Glycerol, a viscous liquid frequently used for its moisture-retaining properties, is central to this exercise. When mixed with water, glycerol effectively lowers the overall vapor pressure of the system. Unlike water, glycerol has an effectively zero vapor pressure at the relevant conditions. Thus, by adding glycerol to water, we reduce the vapor pressure to the desired level for cigar preservation. The absence of vapor pressure in glycerol means it's solely the dilution effect on the water that achieves the desired humidity level.
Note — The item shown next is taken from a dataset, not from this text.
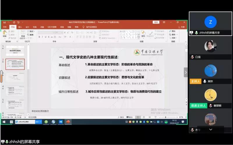 4月27日19时,中国传媒大学研究生院经理、博士生导师、教育部中文教学指导委员会委员张鸿声教授做客ok138cn太阳集团529“名师云讲堂”,在“腾讯会议”平台上开展了一场主题为“城市文学研究的历程”的精彩讲座。本次讲座由ok138cn太阳集团529黄轶教授主持,吸引了来自校内外的一百多名师生共同参与。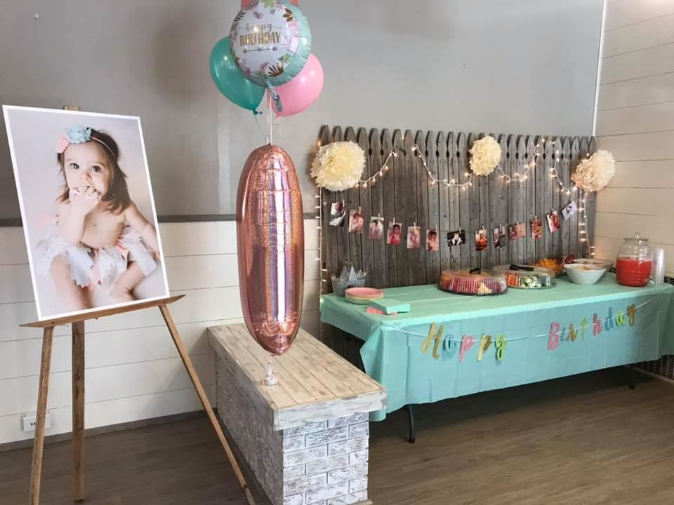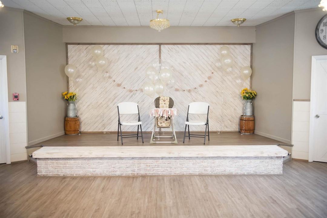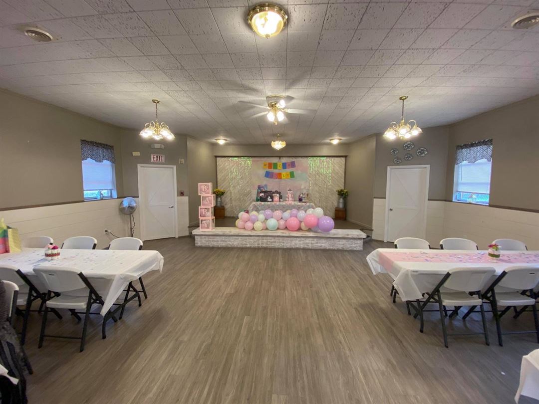 Newly renovated with a touch of farmhouse and modern rustic style. It is very open and has a stage area that is perfect for the bride or mother to be to open gifts. Plenty of parking. It has style and ambience and must be seen in person to be appreciated

Understanding glycerol's role in this scenario helps us strategically achieve the required conditions inside the humidor.

Percent by Mass

The concept of percent by mass is crucial in determining the concentration of glycerol needed. Percent by mass, sometimes called mass percent, is defined as the mass of a specific component divided by the total mass of the solution, multiplied by 100 to express it as a percentage. In this exercise, you're calculating what percent of the total solution mass consists of glycerol, necessary to lower the water's vapor pressure to 55% of its pure state. By using molecular weights and the mole fraction equation, you can convert the ratio of moles into a mass percentage. This assists in comprehending and controlling the composition of the glycerol-water mixture to effectively manage the vapor pressure in a practical setting.